I've used about every testing program known to man on that thing. I don't overclock, the RAM checks out, stress tests on the RAM and CPU are stable, the motherboard, video card, case, primary hard drive, power supply, and some of the RAM have all been replaced over the last two years. I can just never shake the issues. There isn't much left. And the issues will just randomly show up, so it is impossible to easily test if I've fixed it. I can rule out the remaining old RAM as I had it removed for a month or so and had the OS die on me during that time.

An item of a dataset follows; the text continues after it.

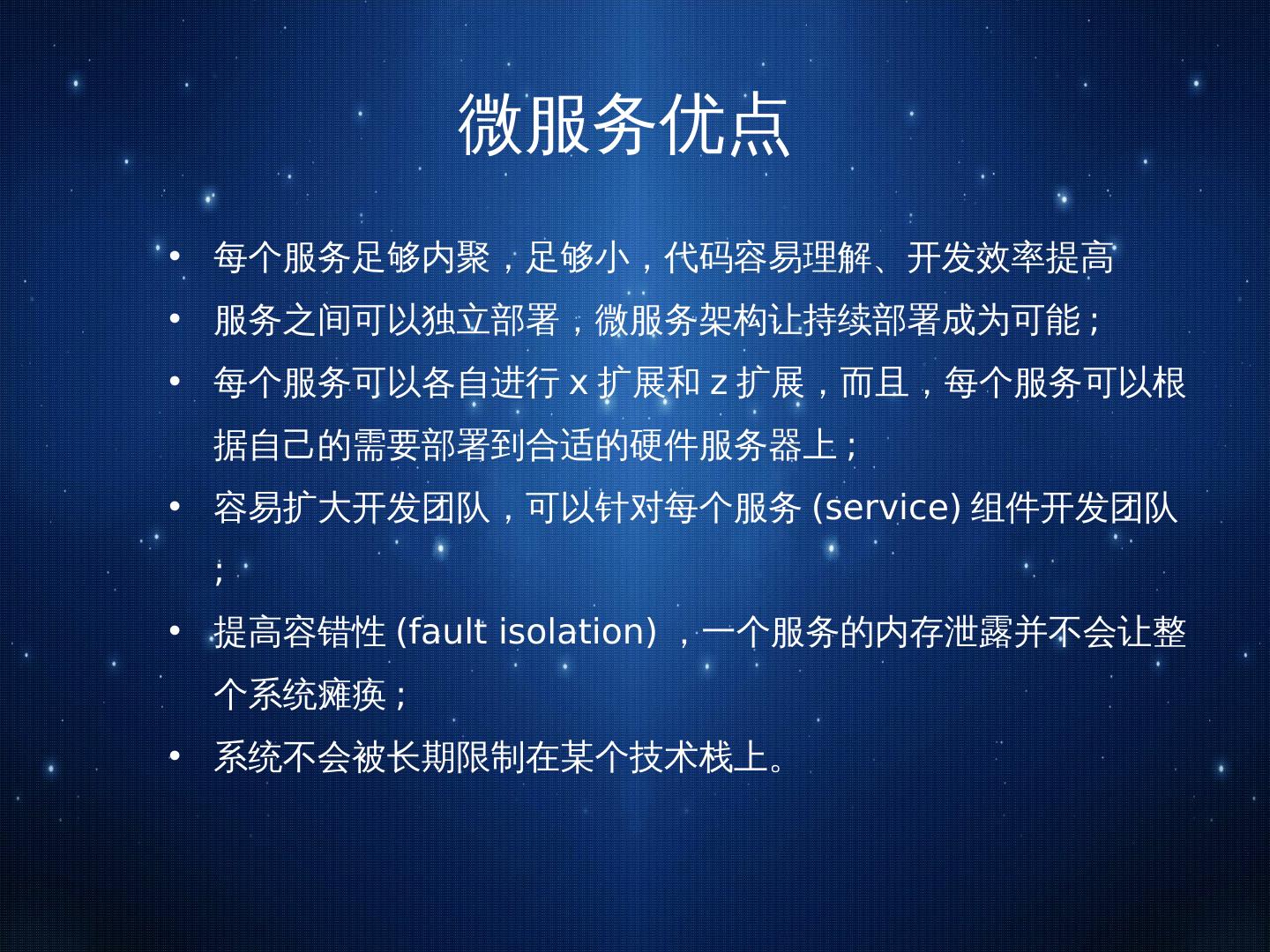 24 .微服务优点 每个服务足够内聚,足够小,代码容易理解、开发效率提高 服务之间可以独立部署,微服务架构让持续部署成为可能 ; 每个服务可以各自进行 x 扩展和 z 扩展,而且,每个服务可以根据自己的需要部署到合适的硬件服务器上 ; 容易扩大开发团队,可以针对每个服务 (service) 组件开发团队 ; 提高容错性 (fault isolation) ,一个服务的内存泄露并不会让整个系统瘫痪 ; 系统不会被长期限制在某个技术栈上。

Anyway, I'm mostly back online now, and have managed to use a recovery program to recover about 90% of my data that didn't have a backup.
Glad to hear it's mostly back.
You said you used everything, but have you used MemTest86's ISO image burned to a CD and then booted to test? I wouldn't trust anything else to test memory.
The other thing to check for corrupted data is to do a scandisk on your drives. Just go to the properties of the drives in Windows, then Tools, then do a scan and check all options to test. If the drive you're scanning is the OS drive, then Windows will tell you it can flag it to scan on next boot. If that's the case, do a reboot and let it scan.
If your memory is fine, your drives free of bad sectors, and your system is stable enough for gaming, then the problem is most likely software not hardware, as in getting malware on your PC. What browser do you use, what anti-virus app do you use, and what measures do you take to practice "safe browsing"?